The game was scheduled for one, so I got to the ball park at nine. I'm a four-hour-early man which makes me almost always the first to arrive. I've found in life that nothing bad ever happens if you show up places early and every so often, something good occurs.
I got dressed in my vintage Saraperos uniform and laced up my old, black leather Riddell spikes. I ran my fingers over my name on the back of my jersey. Navidad. The name Hector gave me on the day that I met him. There's nothing like having your name on the back of a uniform. It made me proud.
I trotted out through the hallway underneath the stands and onto the green. I was alone among the grounds crew who were tending to the field, trimming the grass, sweeping the infield dirt and laying down once again the lime that marks the base paths and batters' boxes.
I jogged for a bit from foul-pole to foul-pole, and old man jiggling like, well, an old man. Then I returned to the infield and sat down right on second base, just taking the whole thing in. I've always felt--ever since I was a little kid--that there's nothing more glorious than a ball park and my vantage point confirmed this.
The air was crisp and clear. The cirrus were high and wispy and the sun was bright. The whole thing, the verdant green of the field, the azure of the sky and the silent roar of the empty stadium around me was perfection. I suppose the feeling is like what a fisherman gets when he's the first one out and his line makes the first ripples in the surf.

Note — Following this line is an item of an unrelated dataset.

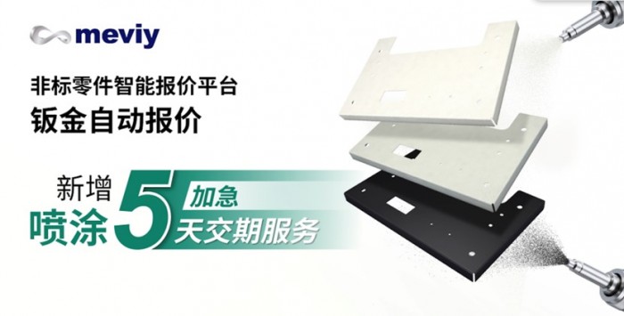 除了大幅缩短报价流程、节省报价时间,meviy非标零件AI智能报价平台还推出了钣金加工加急交期的服务,例如,针对一些无表面处理的标准交期为5天的钣金件,米思米meviy业已给到用户3天、1天加急交期选项;针对钣金件需要做常用色喷涂处理的,可选择5天交期服务。在meviy非标零件AI智能报价平台,上传3D数据,选择表面处理–喷涂–对应的色号,待生成报价后可选择标准交期或5天加急服务。短短几步操作,即可将标准交期9天的零件加工时间压缩到5天,常用色黑、白、灰都适用。解决了喷涂流程冗长、交期不可控的行业痛点。

In a short while an assortment of fellow 'viejos' began showing up. Four fifths were younger than I, one fifth--if you can believe it, older. I sized them up like you do when you enter an alien sauna. I was intimidated by the couple of guys who seemed in shape. Relieved by the guys whose girth stretched their double-knits to bursting.
A few of us introduced ourselves. We began playing impromptu games of pepper and began loosening up, fielding, throwing, bending and pivoting. I began making the long throw from first to third. There's a chance, I said to myself, I could throw out a gimp who gets a slow start.
The clock kept ticking.
The stands began to fill in.
It was almost time for the game to begin.